→ **Activity**
Write out again, word for word, the lines below from the line that holds "Vitafusion Fiber Well" through the line that holds "Teyes CC4 для", omitting pictures.

→ **Material supplied**
· · · · ·

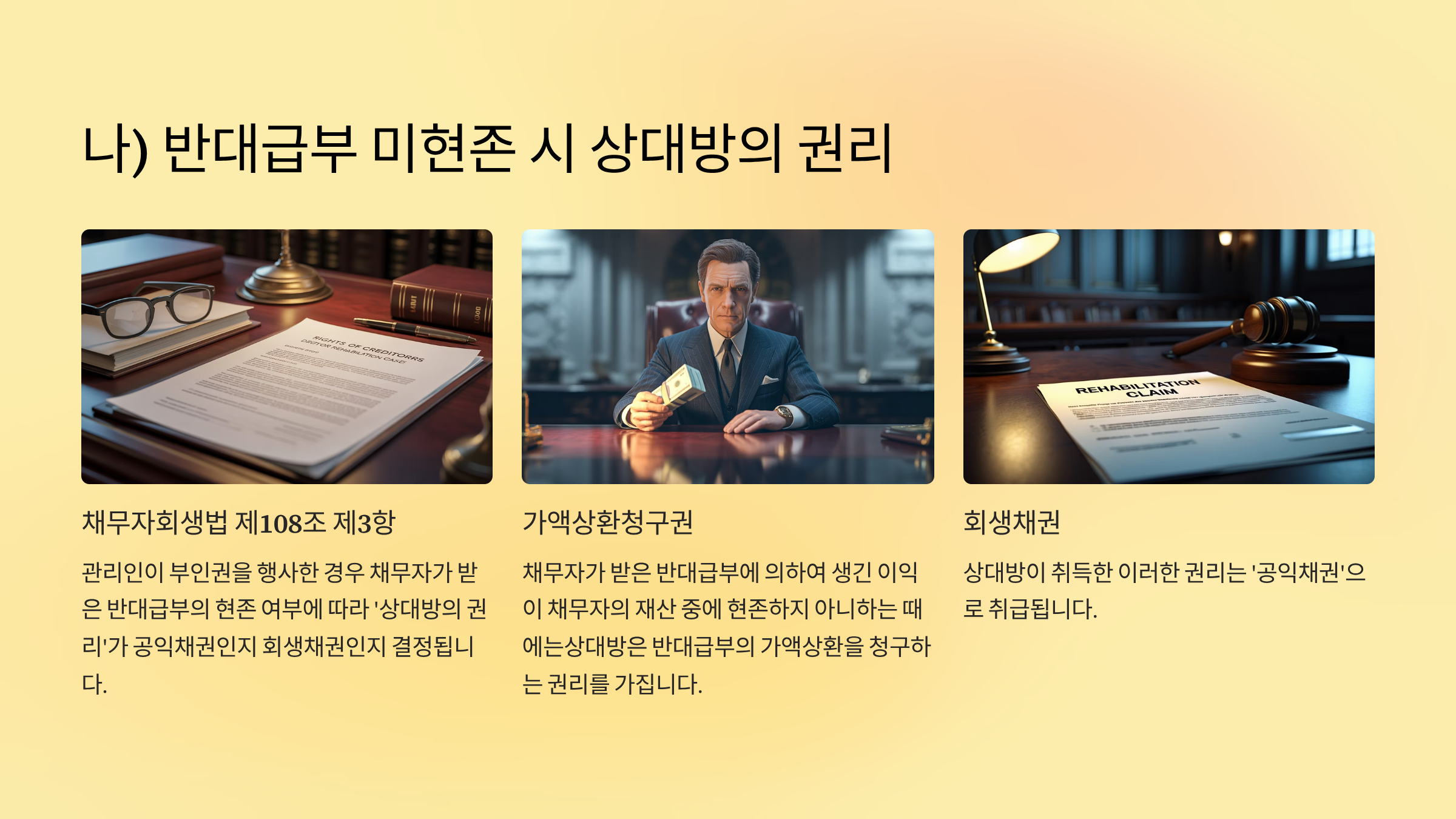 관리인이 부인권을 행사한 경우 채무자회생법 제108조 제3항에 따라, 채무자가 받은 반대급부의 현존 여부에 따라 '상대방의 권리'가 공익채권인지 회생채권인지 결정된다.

· · · · ·

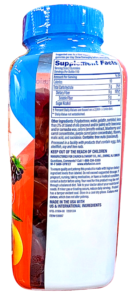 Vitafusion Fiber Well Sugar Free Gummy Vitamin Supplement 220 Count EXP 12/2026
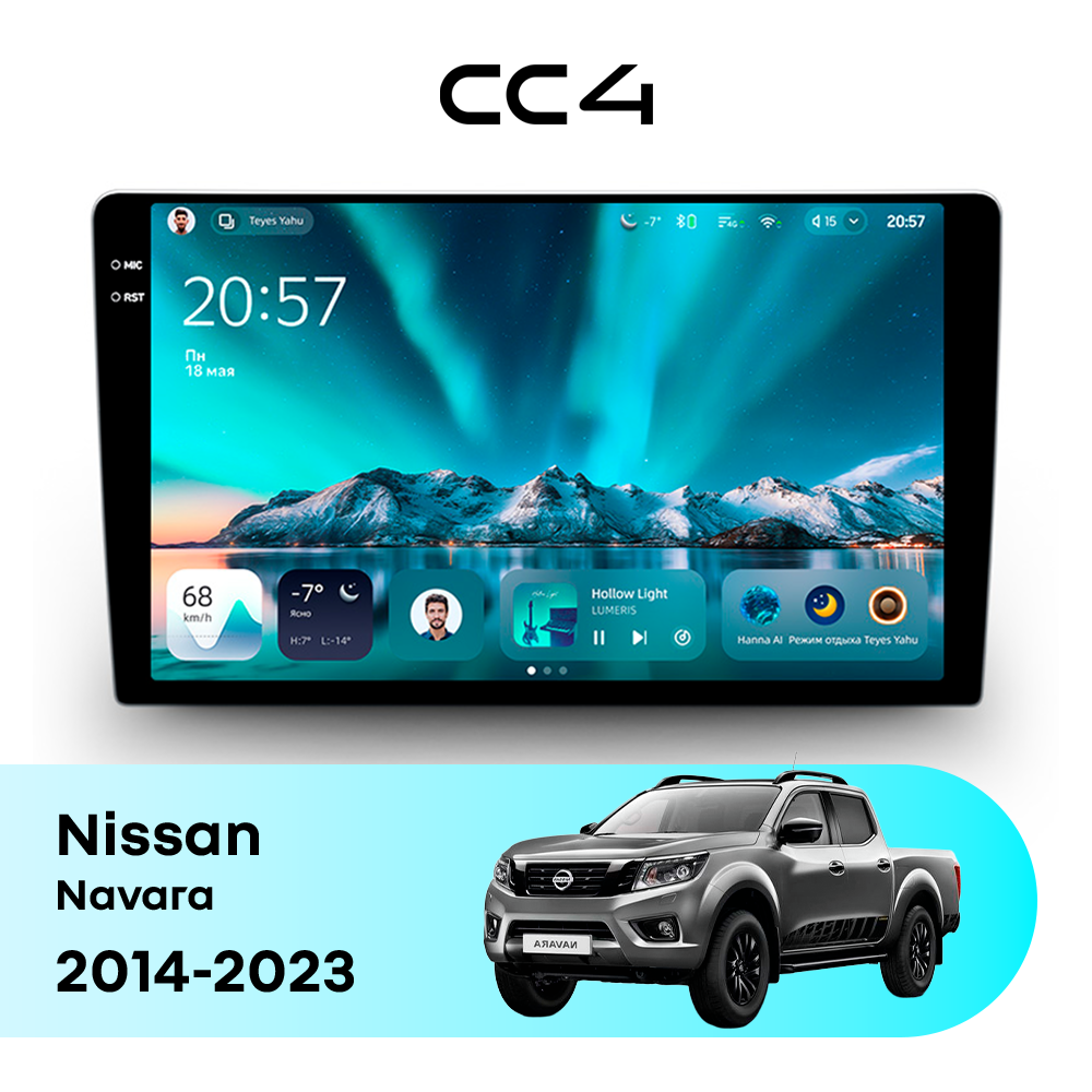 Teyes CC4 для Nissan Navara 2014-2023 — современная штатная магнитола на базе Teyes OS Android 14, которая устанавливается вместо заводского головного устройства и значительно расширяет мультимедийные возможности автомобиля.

· · · · ·

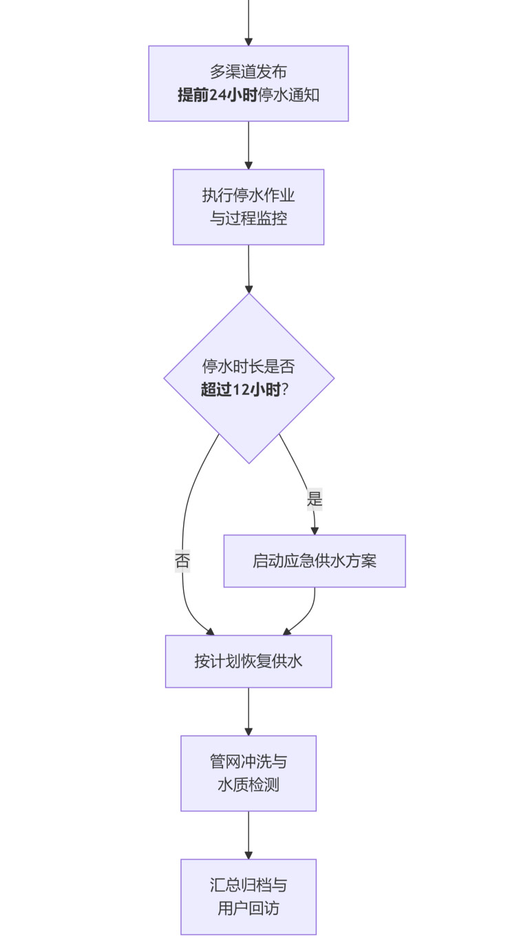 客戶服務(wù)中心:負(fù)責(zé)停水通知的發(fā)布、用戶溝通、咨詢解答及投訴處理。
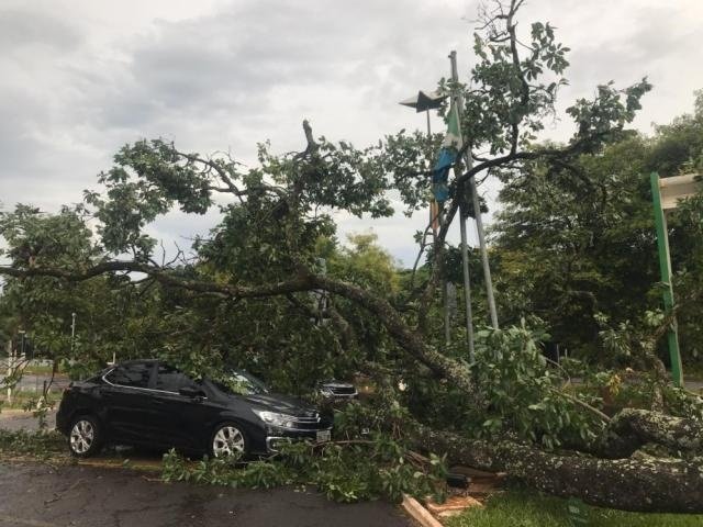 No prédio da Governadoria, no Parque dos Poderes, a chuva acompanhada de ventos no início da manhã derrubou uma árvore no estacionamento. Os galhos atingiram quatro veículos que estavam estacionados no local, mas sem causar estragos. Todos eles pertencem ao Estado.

· · · · ·

→ **Solution to this exercise**
 Vitafusion Fiber Well Sugar Free Gummy Vitamin Supplement 220 Count EXP 12/2026
 Teyes CC4 для Nissan Navara 2014-2023 — современная штатная магнитола на базе Teyes OS Android 14, которая устанавливается вместо заводского головного устройства и значительно расширяет мультимедийные возможности автомобиля.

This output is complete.